### Task details
Starting with the line that holds "This cool navy, red" and stopping after the line that holds "- Pump.fun ổn", repeat the lines below word for word, without the pictures.

### Source material
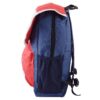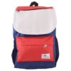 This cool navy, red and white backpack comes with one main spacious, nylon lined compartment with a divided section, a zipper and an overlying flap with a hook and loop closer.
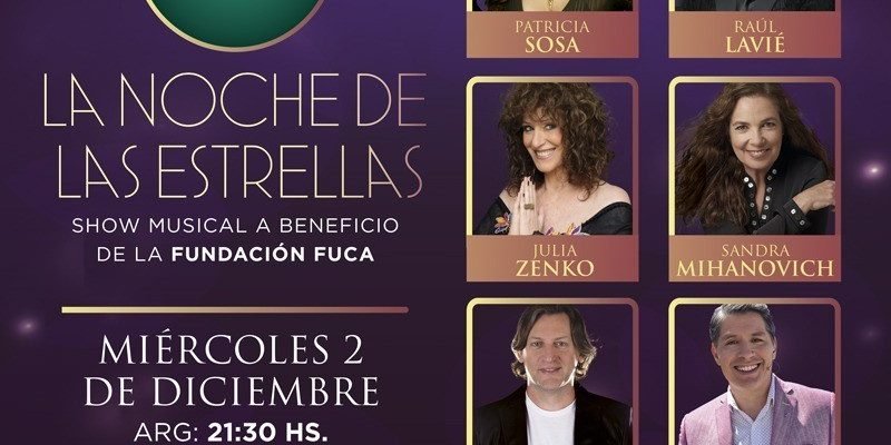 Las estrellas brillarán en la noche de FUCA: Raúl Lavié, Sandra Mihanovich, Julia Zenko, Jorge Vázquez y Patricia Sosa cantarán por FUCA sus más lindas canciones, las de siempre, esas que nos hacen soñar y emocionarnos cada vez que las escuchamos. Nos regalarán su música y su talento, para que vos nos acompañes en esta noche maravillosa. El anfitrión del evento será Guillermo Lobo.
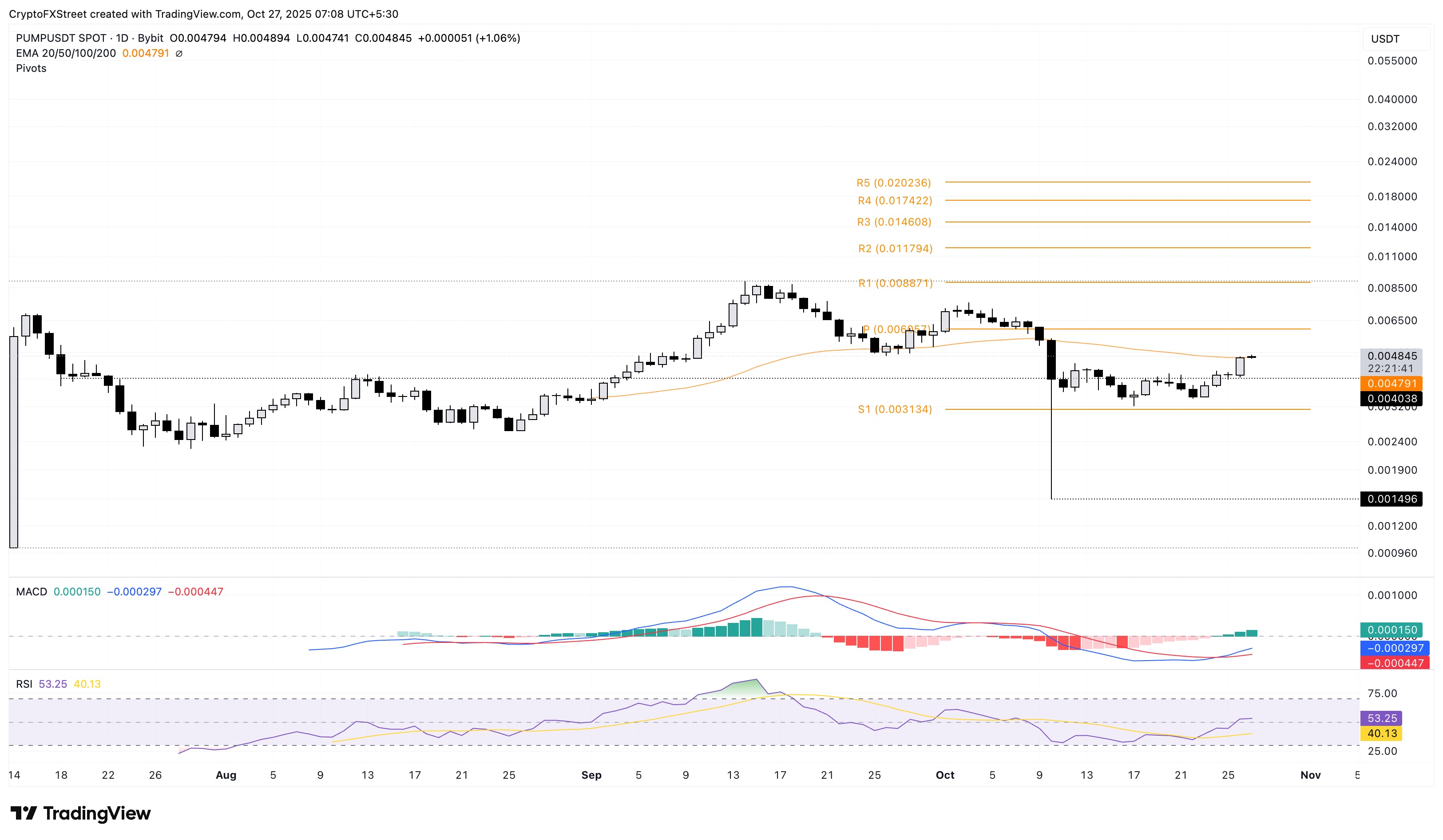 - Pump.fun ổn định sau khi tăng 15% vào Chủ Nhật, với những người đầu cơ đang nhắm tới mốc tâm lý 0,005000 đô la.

--

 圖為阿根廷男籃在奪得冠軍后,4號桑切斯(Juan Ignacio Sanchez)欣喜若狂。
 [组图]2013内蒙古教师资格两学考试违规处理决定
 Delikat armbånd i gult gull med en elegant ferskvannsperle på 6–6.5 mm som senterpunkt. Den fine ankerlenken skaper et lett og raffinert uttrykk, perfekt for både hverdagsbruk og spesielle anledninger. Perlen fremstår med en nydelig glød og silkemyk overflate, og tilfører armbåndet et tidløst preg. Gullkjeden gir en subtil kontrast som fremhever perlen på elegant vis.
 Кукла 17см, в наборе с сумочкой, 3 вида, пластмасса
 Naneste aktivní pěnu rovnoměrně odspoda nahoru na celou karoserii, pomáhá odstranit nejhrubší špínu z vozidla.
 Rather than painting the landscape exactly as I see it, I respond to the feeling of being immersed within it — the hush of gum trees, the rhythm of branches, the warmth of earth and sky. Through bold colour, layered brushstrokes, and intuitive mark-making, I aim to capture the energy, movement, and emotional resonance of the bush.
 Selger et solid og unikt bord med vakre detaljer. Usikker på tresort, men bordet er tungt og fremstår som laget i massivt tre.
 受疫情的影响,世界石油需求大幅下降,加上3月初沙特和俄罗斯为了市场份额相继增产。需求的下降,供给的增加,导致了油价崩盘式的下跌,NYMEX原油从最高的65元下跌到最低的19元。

### Task solution
 This cool navy, red and white backpack comes with one main spacious, nylon lined compartment with a divided section, a zipper and an overlying flap with a hook and loop closer.
 Las estrellas brillarán en la noche de FUCA: Raúl Lavié, Sandra Mihanovich, Julia Zenko, Jorge Vázquez y Patricia Sosa cantarán por FUCA sus más lindas canciones, las de siempre, esas que nos hacen soñar y emocionarnos cada vez que las escuchamos. Nos regalarán su música y su talento, para que vos nos acompañes en esta noche maravillosa. El anfitrión del evento será Guillermo Lobo.
 - Pump.fun ổn định sau khi tăng 15% vào Chủ Nhật, với những người đầu cơ đang nhắm tới mốc tâm lý 0,005000 đô la.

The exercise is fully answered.